Extracted data entries:

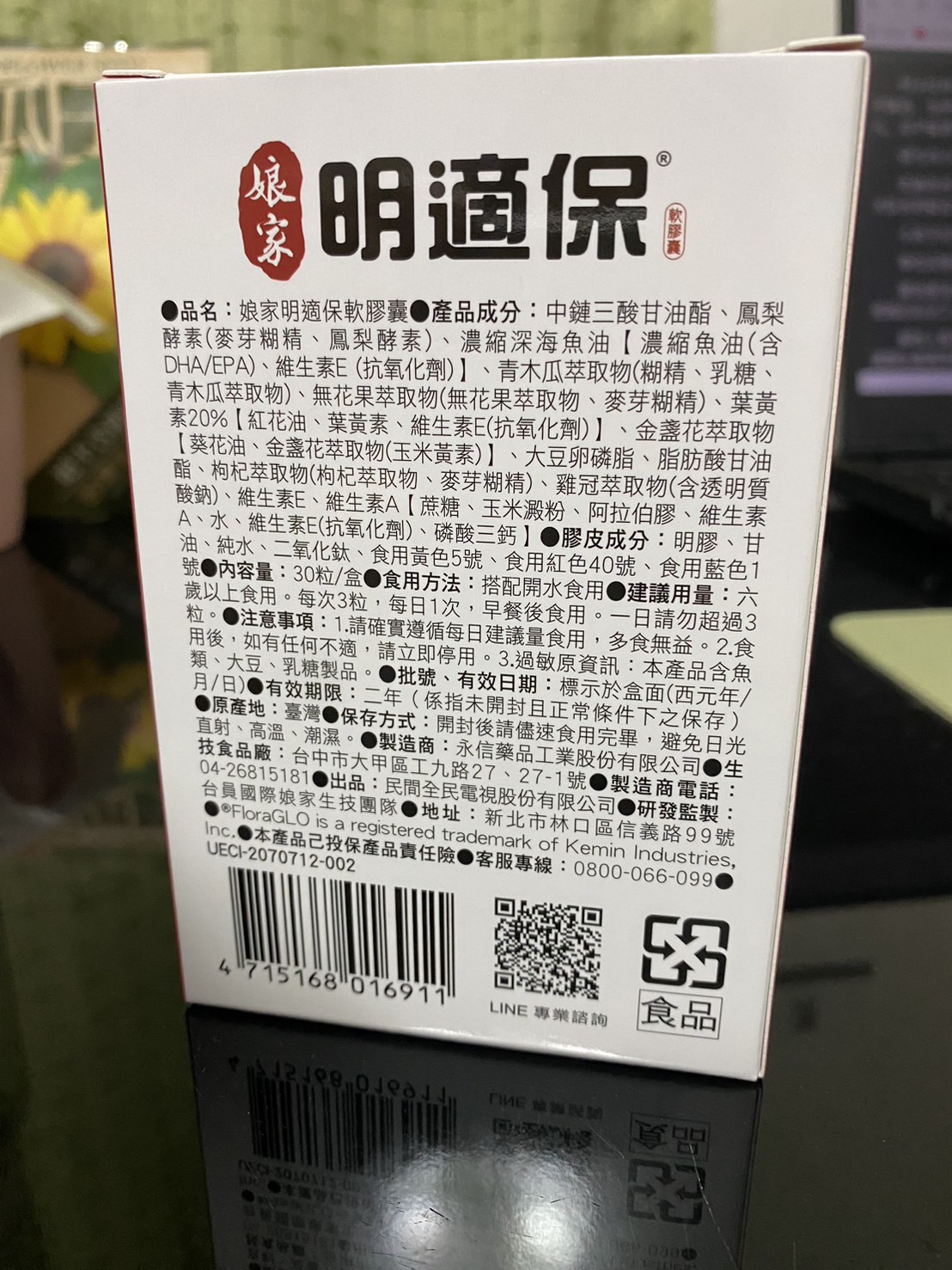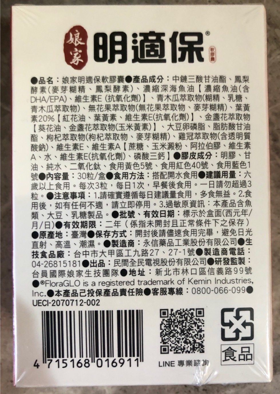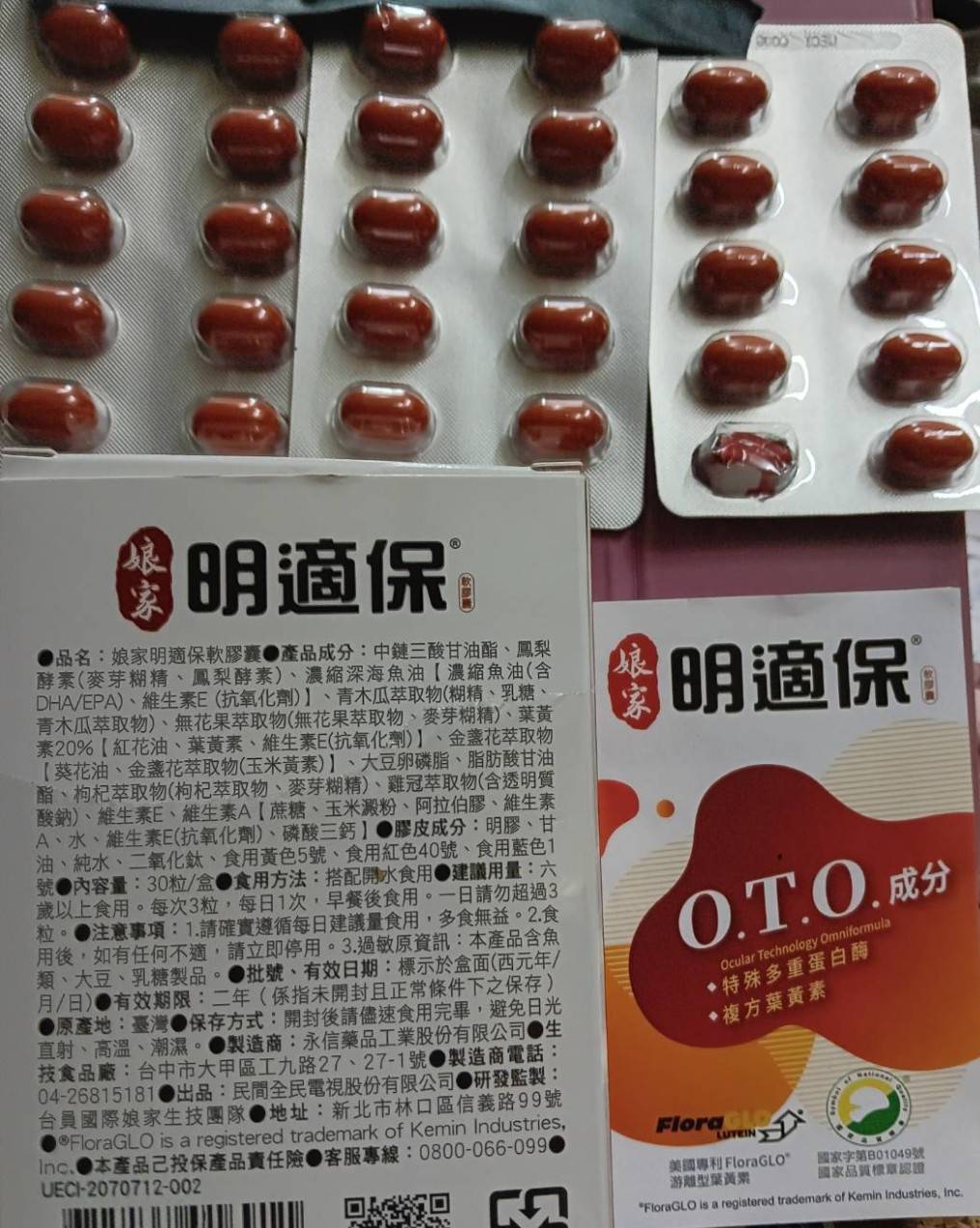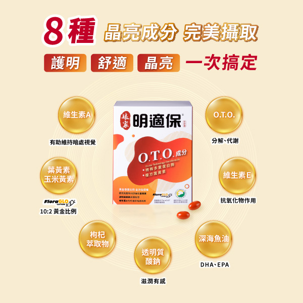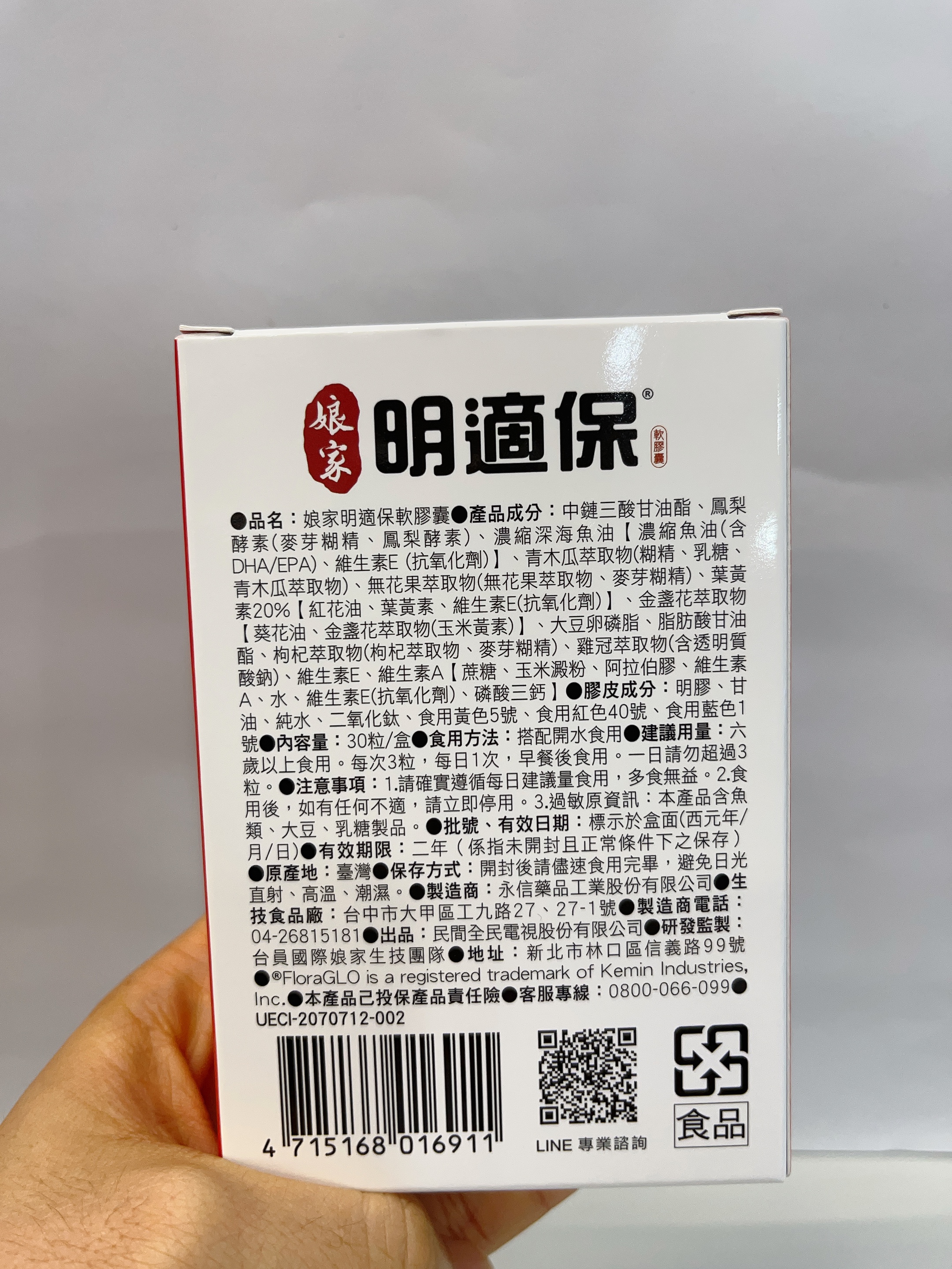 產品成分:中鏈三酸甘油酯、鳳梨酵素(麥芽糊精、鳳梨酵素)、濃縮深海魚油【濃縮魚油(含DHA/EPA)、維生素 E (抗氧化劑)】、青木瓜萃取物(糊精、乳糖、青木瓜萃取物)、無花果萃取物(無花果萃取物、麥芽糊精)、葉黃素20%【紅花油、葉黃素、維生素E(抗氧化劑)】、金盞花萃取物【葵花油、金盞花萃取物(玉米黃素)】、大豆卵磷脂、脂肪酸甘油酯 、枸杞萃取物(枸杞萃取物、麥芽糊精)、雞冠萃取物(含玻尿酸)、維生素E、維生素A【蔗糖、玉米澱粉、阿拉伯膠、維生素A、水、維生素E(抗氧化劑)、磷酸三鈣】
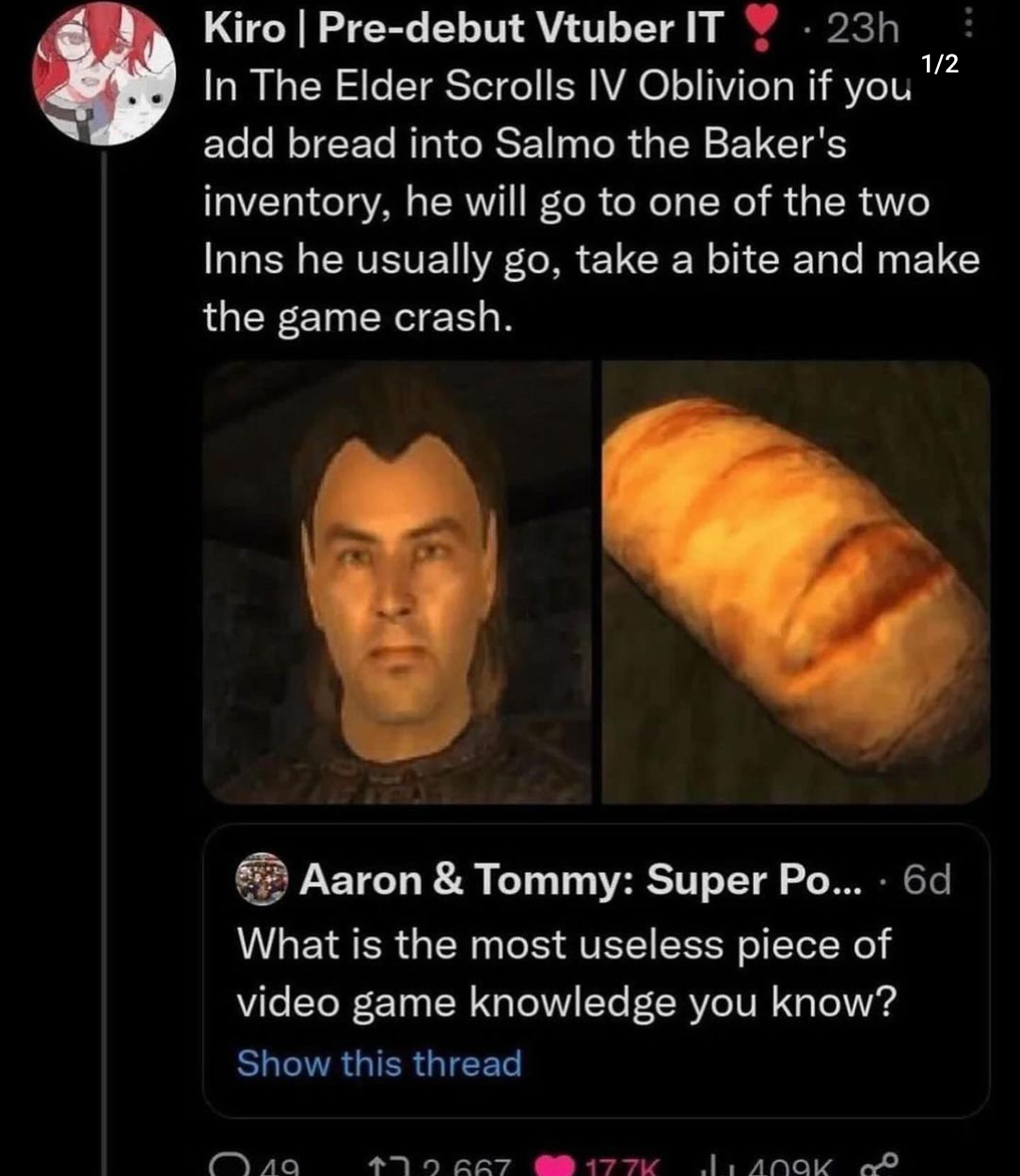 Salmo has two AI packages commanding him to take five loaves of bread to the Two Sisters Lodge at 10am and to the West Weald Inn at midday, but the packages never execute as he has no bread in his inventory and the packages are of “escort” type, meaning he doesn’t actively seek any out. It’s possible this bug was introduced to avoid another, more serious one: if bread is given to Salmo using the console or CS, he will walk to one of the inns as commanded, take a bite of bread, and the game will crash. (UESP)
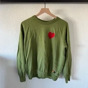 Olive green crewneck sweatshirt by Aviator Nation. Features a red heart applique on the chest. Small multicolor logo near the hem. Relaxed, casual silhouette.
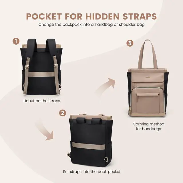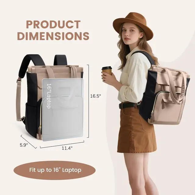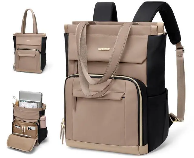 With a top-loading, integrated main compartment, this convertible tote backpack offers ample space for your belongings, making it perfect for college and young professionals ^^ This tote backpack seamlessly transforms into a tote bag or handbag, offering multiple carrying options for your convenience. Weight 1.12 lbs, this travel backpack for women ensures effortless portability and easy carrying, making your travel or daily commute a breeze ^^ Crafted from water-resistant nylon fabric and superior hardware, this work laptop backpack ensures better protection for your belongings in various environments ^^ This college backpack for women is not only practical but also a fashion statement, catering to your personal style and preferences ^^ With its practicality and style, Whether for travel, work, or daily use this stylish laptop backpack makes for an excellent choice for college learners, young professionals, or anyone with an active lifestyle
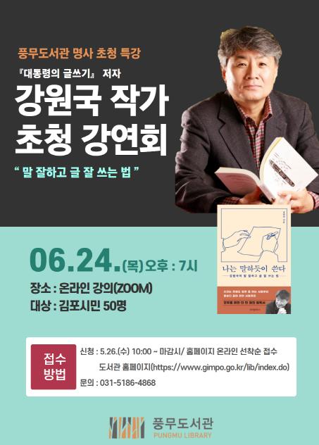 김포시 풍무도서관은 오는 6월 24일에 전 청와대 연설비서관으로 잘 알려진 강원국 작가를 초청하여 '말 잘하고 글 잘 쓰는 법'에 대한 강연을 진행한다.
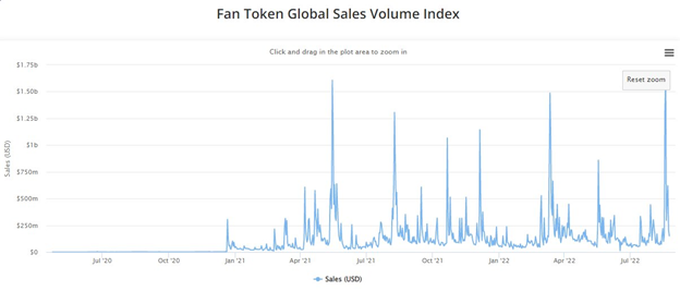 Compared to global NFT sales from mainstream collections such as Axie Infinity, Bored Ape Yacht Club (BAYC), CryptoPunks, Mutant Ape Yacht Club (MAYC), NBA Top Shots, Otherdeeds, and Azuki among others, Global Fan Tokens have generated $50 billion more in sales volume.Â
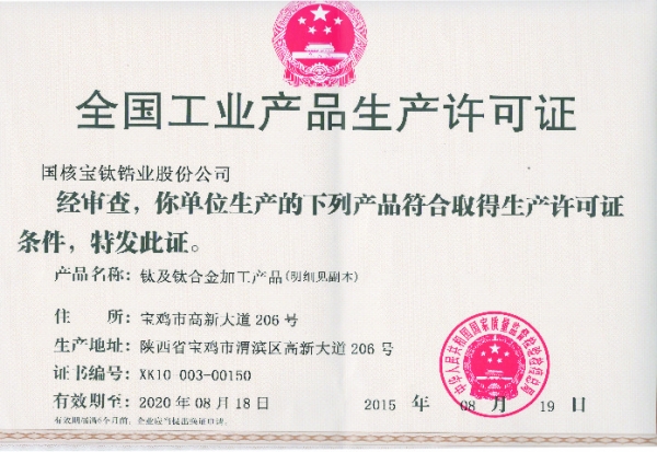 國核鋯業(yè)鈦及鈦合金加工產(chǎn)品生產(chǎn)許可資格
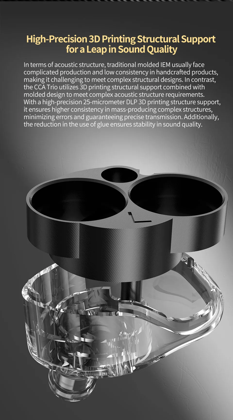 - Ideal for audiophiles and casual listeners alike, the CCATrio IEM earphones and IEM headphones offer exceptional sound, customization, and comfort. Whether at home, on the go, or in the studio, the CCA Trio guarantees a superior auditory experience.
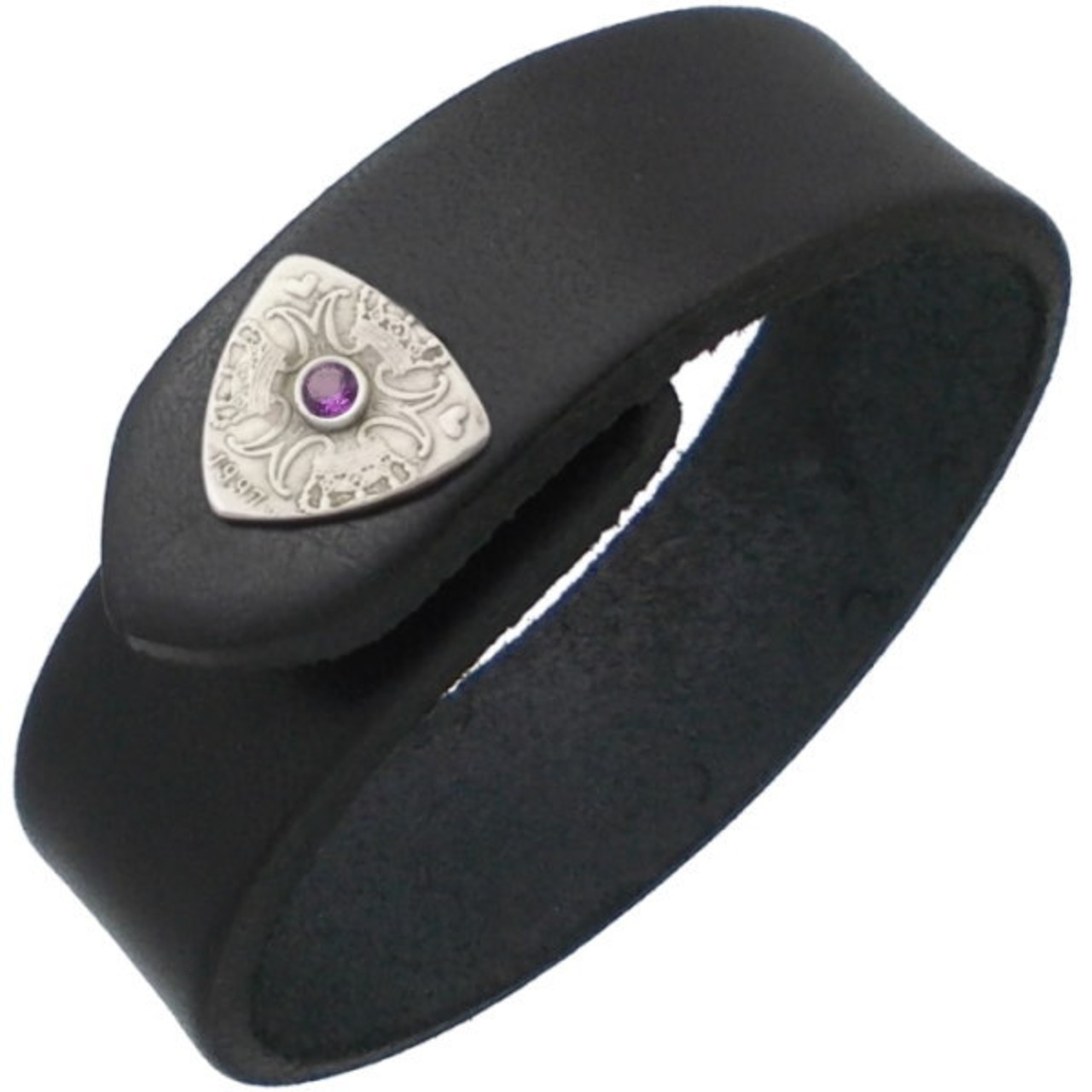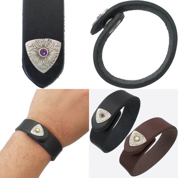(2月)アメジスト クローネ ピック コイン ブラックレザー ブレスレット 誕生石*BB-1015
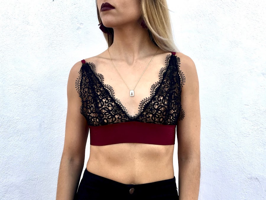 El que os enseño hoy es una preciosidad, uno de los mas bonitos diría yo... De encaje negro y con banda burdeos y cremallera dorada en la espalda. Es de HOUSE OF CB y es una maravilla!

• [Exercise requirements] Using the entries above, write out exactly the lines from the one with "- Ideal for" through the one with "(2月)アメジスト クローネ ピック", ends included. Leave out any pictures.

• [Exercise result]
 - Ideal for audiophiles and casual listeners alike, the CCATrio IEM earphones and IEM headphones offer exceptional sound, customization, and comfort. Whether at home, on the go, or in the studio, the CCA Trio guarantees a superior auditory experience.
(2月)アメジスト クローネ ピック コイン ブラックレザー ブレスレット 誕生石*BB-1015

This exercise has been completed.